Yay - got the 120 stars as Mario on SMG1 over the weekend. Now to get all of them as annoying slippery Luigi before I shell out for SMG2.


----------



## tommers (Nov 17, 2012)

Our 3 year old just deleted my wife's 61 star save game.

I left him alone for 2 minutes.


----------



## fen_boy (Nov 17, 2012)

I still have 241 stars on this and I cannot do the last one.  me and fen_child_major must have tried over 1000 times.


----------



## tommers (Nov 17, 2012)

241?!?!?!?  Fucking hell.  We were on world 6 and thought that was the last one.  How many are there?


----------



## tommers (Jan 1, 2013)

Super Mario Galaxy and how it saved my soul...

http://thebaneofqueequeg.blogspot.co.uk/2012/12/super-mario-galaxy-and-how-it-saved-my.html


----------



## fen_boy (Jan 3, 2013)

tommers said:


> 241?!?!?!? Fucking hell.

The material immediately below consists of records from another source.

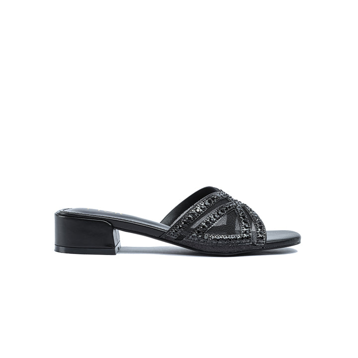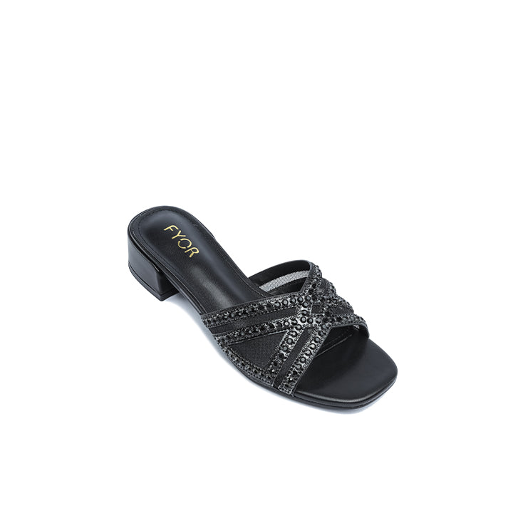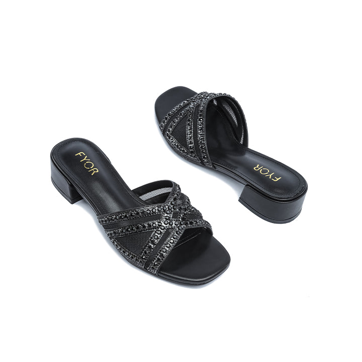 USP: Chic box heel elevation, sheer mesh and sparkle contrast, geometric rhinestone banding, comfortable stability, and polished slip-on style for elevated textural shine.
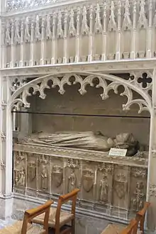 To Thomas Boleyn LL.D is attributed a fine tomb with recumbent effigy in St Calixtus's chapel, off the south transept of Wells Cathedral.[2] The monument is especially notable for its alabaster work including figures of canons in choir habits, and images of the Holy Trinity and the Annunciation. These latter presumably allude to his association with the colleges of Trinity Hall and Gonville Hall (The Hall of the Annunciation of the Blessed Virgin Mary). However, although evidently a Bolleyn tomb, this presents the difficulty that the heraldic arms shown on the tomb-chest are Argent,[71] fretty sable, on a chief of the same three plates, for the family of Boleyn or Bullen of Stickford, Lincolnshire, and not Argent, a chevron gules, between three bulls' heads couped sable, which were those of the Norfolk family.[72][73]
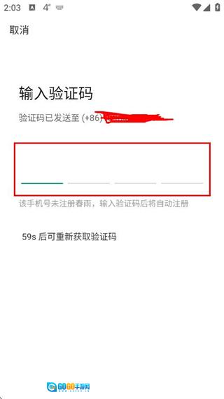 4、在短信验证码输入页面填写接收到的验证码,以此完成账号登录流程。

We were on world 6 and thought that was the last one. How many are there?


 
Only just seen this. There are 7 worlds with 120 stars, but then you get to go through again looking for all the green stars with Luigi then once you're at 240 stars (and 9999 star bits) you unlock the grandmaster galaxy and there are two on that.


----------